▶ _Exercise description_
It is required that the lines from the top of the listing through the line with "Ребята исполнили танец" be reproduced exactly, excluding pictures.
━━━━━ Given material
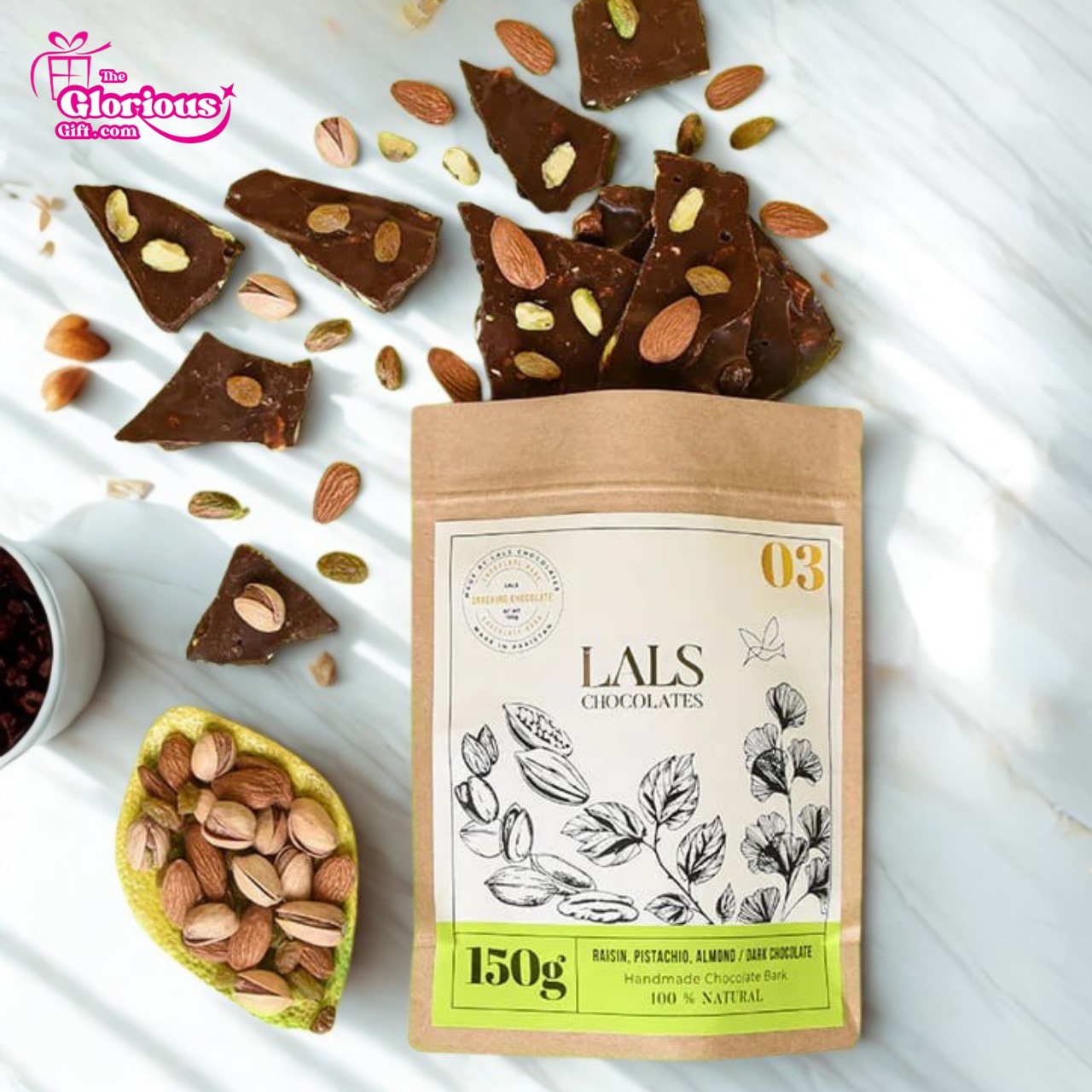 - 150 grams of Raisins, Pistachio, and Almonds in a Dark Chocolate Bark Pouch
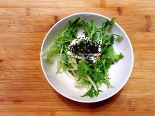 3、苦苣放入碗里,加入生抽、橄榄油、沙拉酱、半个柠檬汁拌匀。
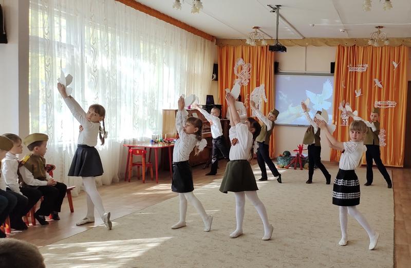 Ребята исполнили танец с голубями - символом отвоеванного мира;
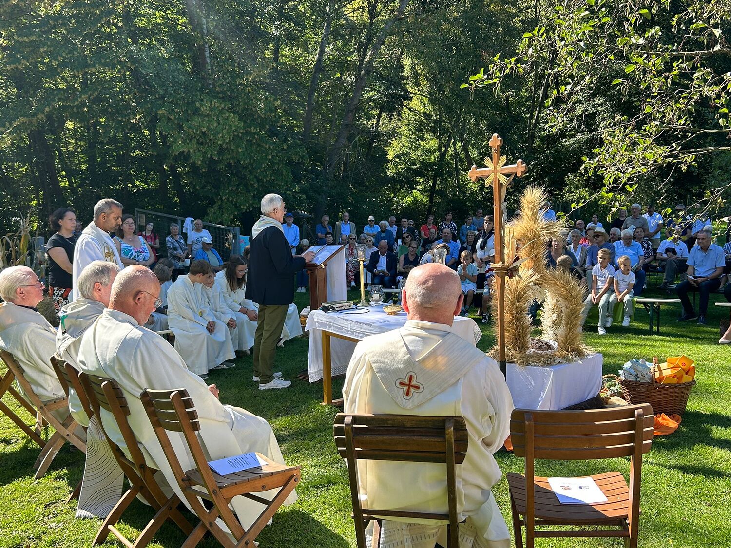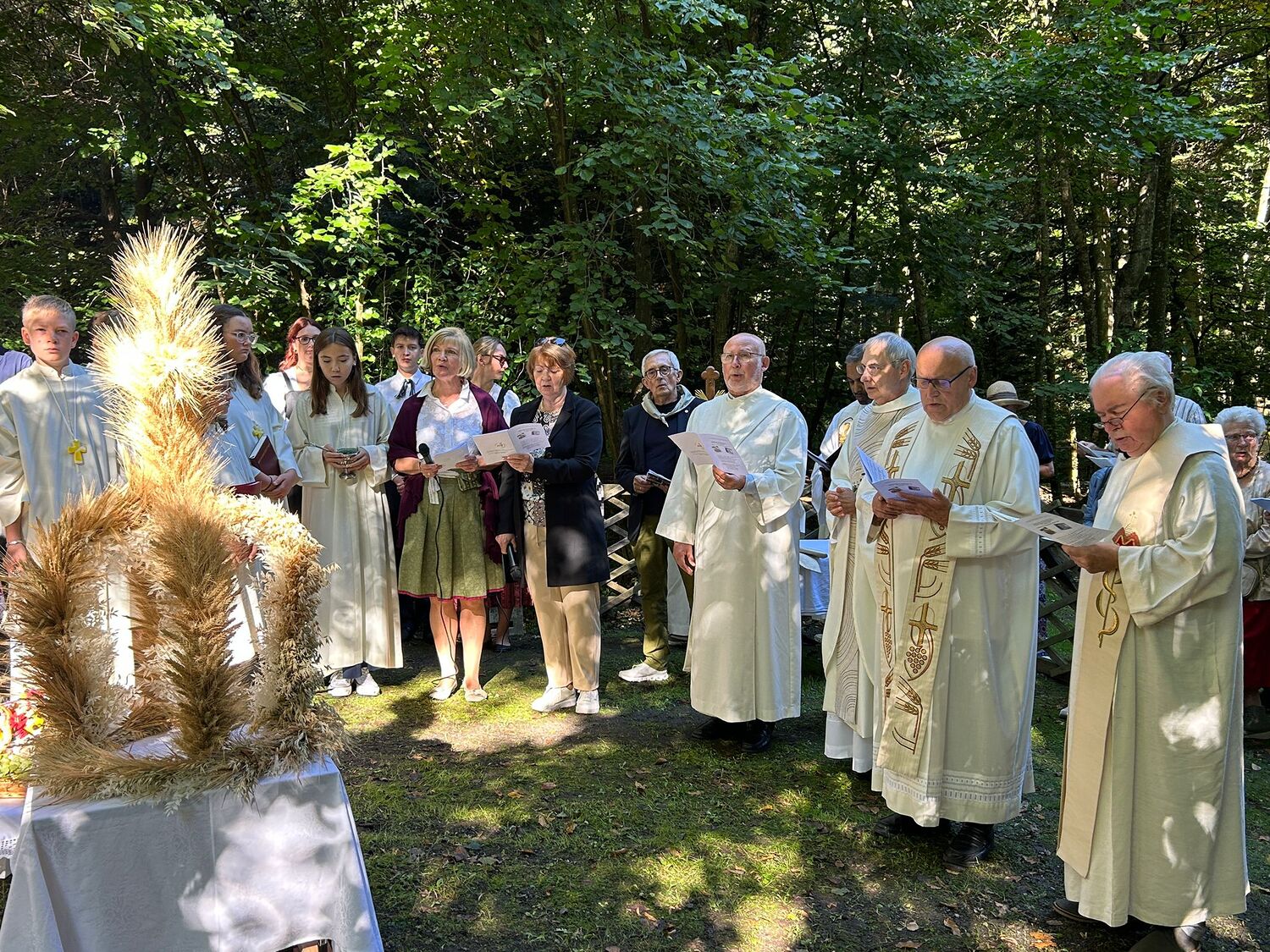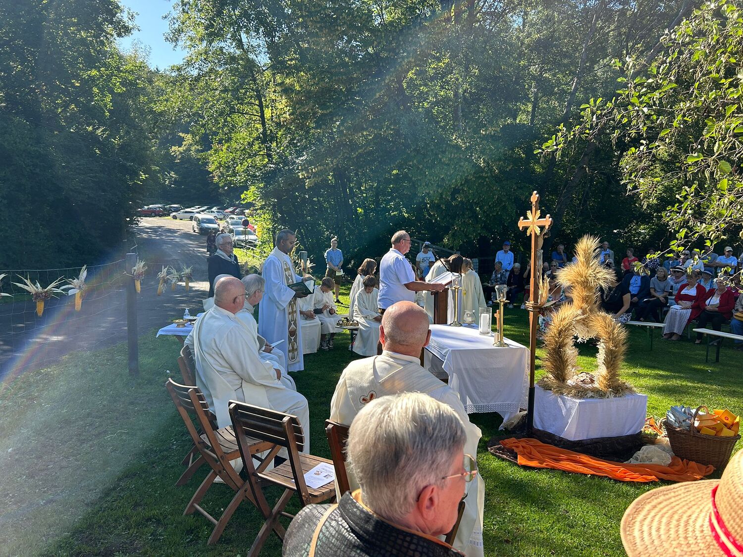 Dieses besondere Jubiläum feierten wir heuer im Rahmen des Erntedankfestes – selbstverständlich direkt am Kreuzweg. Der feierliche Festzug wurde von der Musikkapelle Kobersdorf musikalisch würdevoll angeführt. Der gemeinsame Weg begann bei der 13. Station und führte uns entlang des Weges bis zur 15. Station, wo die Heilige Messe unter freiem Himmel gefeiert wurde.
━━━━━━━━━━
▶ _Response area_
 - 150 grams of Raisins, Pistachio, and Almonds in a Dark Chocolate Bark Pouch
 3、苦苣放入碗里,加入生抽、橄榄油、沙拉酱、半个柠檬汁拌匀。
 Ребята исполнили танец с голубями - символом отвоеванного мира;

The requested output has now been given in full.